TASK ITEM
Restate every line of the material below word for word, skipping the images.

RECORDED DATA
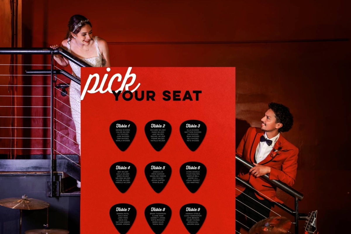 While the pieces largely included widely kerned sans-serif fonts, a script font was added to the envelope and accented throughout the signage. Other printed pieces included ticket name cards, a guitar-pick seating chart, a menu, merch signage, snack signage, drink and tattoo bar signs, announcement posters, and a dessert sign. LK Bridal Studio also produced vinyl graphics installed on a drum and a record. In addition, LK Bridal Studio designed and produced standout merch items, bringing an authentic concert vibe to the day.
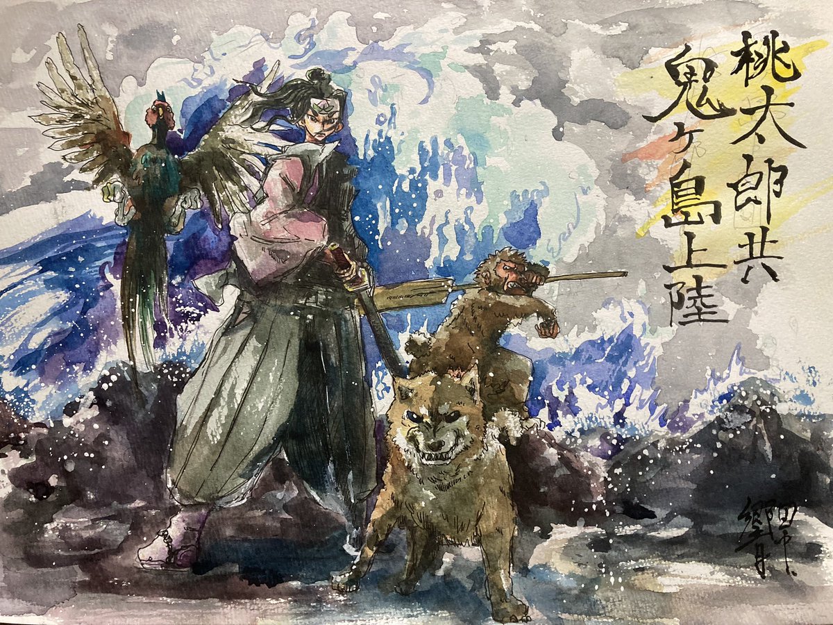 5 12 イメージボード完成 桃太郎共鬼ヶ島上陸絵図 #桃太郎 #イラスト #絵画 #水彩 #watercolorpainting #paintings #柴犬 23/04/16 15:27
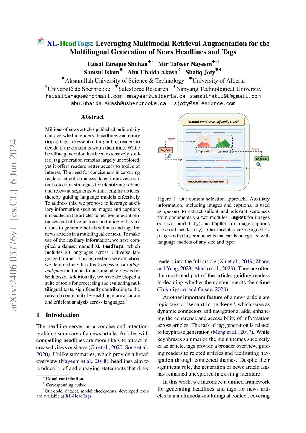 Millions of news articles published online daily can overwhelm readers. Headlines and entity (topic) tags are essential for guiding readers to decide if the content is worth their time. While headline generation has been extensively studied, tag generation remains largely unexplored, yet it offers readers better access to topics of interest. The need for conciseness in capturing readers' attention necessitates improved content selection strategies for identifying salient and relevant segments within lengthy articles, thereby guiding language models effectively. To address this, we propose to leverage auxiliary information such as images and captions embedded in the articles to retrieve relevant sentences and utilize instruction tuning with variations to generate both headlines and tags for news articles in a multilingual context. To make use of the auxiliary information, we have compiled a dataset named XL-HeadTags, which includes 20 languages across 6 diverse language families. Through extensive evaluation, we demonstrate the effectiveness of our plug-and-play multimodal-multilingual retrievers for both tasks. Additionally, we have developed a suite of tools for processing and evaluating multilingual texts, significantly contributing to the research community by enabling more accurate and efficient analysis across languages.
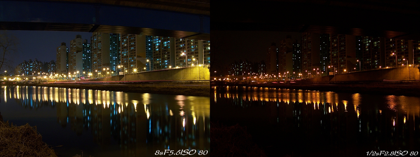 SCN에서는 1/2초 정도의 셔터속도가 나오기때문에 약간은 야경에서 어두운감이 있습니다.
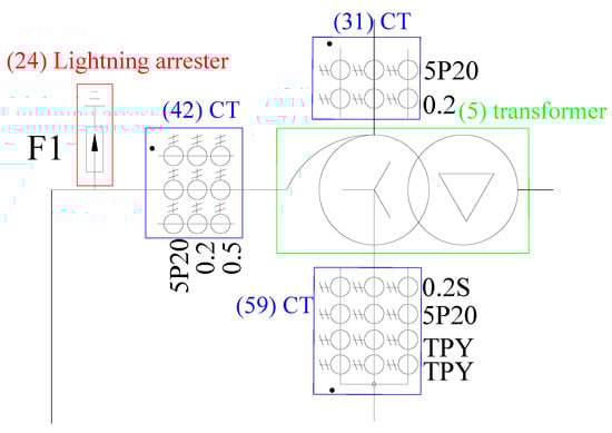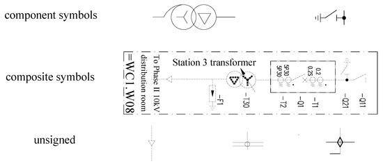 Firstly, the dataset undergoes symbol cropping. This dataset comprises two parts: the component symbol dataset and the composite symbol label dataset. We extract these from the collection of electrical main wiring drawings at the substation, marking all component symbols and their composite symbols in each electrical main wiring diagram. Given the significant differences between component symbols and composite symbols in the drawings, we choose an appropriate pixel window for individual marking and cropping of all electrical main wiring diagrams. Additionally, addressing situations where some drawings lack corresponding equipment text labels for component symbols or where their semantics cannot be clearly identified, we establish an “unsigned” cropping dataset to store cropped images in such special cases, as shown in Figure 2.
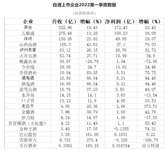 一年一度的年报季完美收官,有喜有忧。与2021年相比,2022年的酒业整体走势波动巨大,甚至多数白酒股回撤幅度已经高过历年。唯有茅台一季报盈利超预期,贵州茅台披露一季报称,当季营业收入322.96亿元,同比增长18.43%;净利润172.45亿元,增长23.58%,每日净赚1.92亿。公司此前披露一季度主要经营数据预计,一季度营业总收入331亿元左右,同比增长18%左右;净利润166亿元左右,同比增长19%左右。
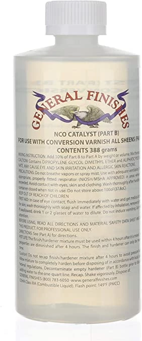 NOTE: This is used in conjunction with General Finishes Conversion Varnish Products. 1 Bottle per gallon. The price for a gallon of conversion varnish includes 1 bottle of Catalyst.Â
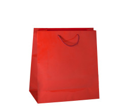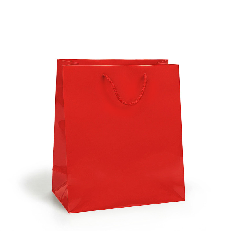Väčšia červená luxusná darčeková taška Milano, v lesklom prevedení, s bavlneným uchom a rozmerom 36x12x40 cm. Vhodná pre objemnejšie darčeky a produkty, vrátane ťažších vecí.

FINISHED EXERCISE
 While the pieces largely included widely kerned sans-serif fonts, a script font was added to the envelope and accented throughout the signage. Other printed pieces included ticket name cards, a guitar-pick seating chart, a menu, merch signage, snack signage, drink and tattoo bar signs, announcement posters, and a dessert sign. LK Bridal Studio also produced vinyl graphics installed on a drum and a record. In addition, LK Bridal Studio designed and produced standout merch items, bringing an authentic concert vibe to the day.
 5 12 イメージボード完成 桃太郎共鬼ヶ島上陸絵図 #桃太郎 #イラスト #絵画 #水彩 #watercolorpainting #paintings #柴犬 23/04/16 15:27
 Millions of news articles published online daily can overwhelm readers. Headlines and entity (topic) tags are essential for guiding readers to decide if the content is worth their time. While headline generation has been extensively studied, tag generation remains largely unexplored, yet it offers readers better access to topics of interest. The need for conciseness in capturing readers' attention necessitates improved content selection strategies for identifying salient and relevant segments within lengthy articles, thereby guiding language models effectively. To address this, we propose to leverage auxiliary information such as images and captions embedded in the articles to retrieve relevant sentences and utilize instruction tuning with variations to generate both headlines and tags for news articles in a multilingual context. To make use of the auxiliary information, we have compiled a dataset named XL-HeadTags, which includes 20 languages across 6 diverse language families. Through extensive evaluation, we demonstrate the effectiveness of our plug-and-play multimodal-multilingual retrievers for both tasks. Additionally, we have developed a suite of tools for processing and evaluating multilingual texts, significantly contributing to the research community by enabling more accurate and efficient analysis across languages.
 SCN에서는 1/2초 정도의 셔터속도가 나오기때문에 약간은 야경에서 어두운감이 있습니다.
 Firstly, the dataset undergoes symbol cropping. This dataset comprises two parts: the component symbol dataset and the composite symbol label dataset. We extract these from the collection of electrical main wiring drawings at the substation, marking all component symbols and their composite symbols in each electrical main wiring diagram. Given the significant differences between component symbols and composite symbols in the drawings, we choose an appropriate pixel window for individual marking and cropping of all electrical main wiring diagrams. Additionally, addressing situations where some drawings lack corresponding equipment text labels for component symbols or where their semantics cannot be clearly identified, we establish an “unsigned” cropping dataset to store cropped images in such special cases, as shown in Figure 2.
 一年一度的年报季完美收官,有喜有忧。与2021年相比,2022年的酒业整体走势波动巨大,甚至多数白酒股回撤幅度已经高过历年。唯有茅台一季报盈利超预期,贵州茅台披露一季报称,当季营业收入322.96亿元,同比增长18.43%;净利润172.45亿元,增长23.58%,每日净赚1.92亿。公司此前披露一季度主要经营数据预计,一季度营业总收入331亿元左右,同比增长18%左右;净利润166亿元左右,同比增长19%左右。
 NOTE: This is used in conjunction with General Finishes Conversion Varnish Products. 1 Bottle per gallon. The price for a gallon of conversion varnish includes 1 bottle of Catalyst.Â
Väčšia červená luxusná darčeková taška Milano, v lesklom prevedení, s bavlneným uchom a rozmerom 36x12x40 cm. Vhodná pre objemnejšie darčeky a produkty, vrátane ťažších vecí.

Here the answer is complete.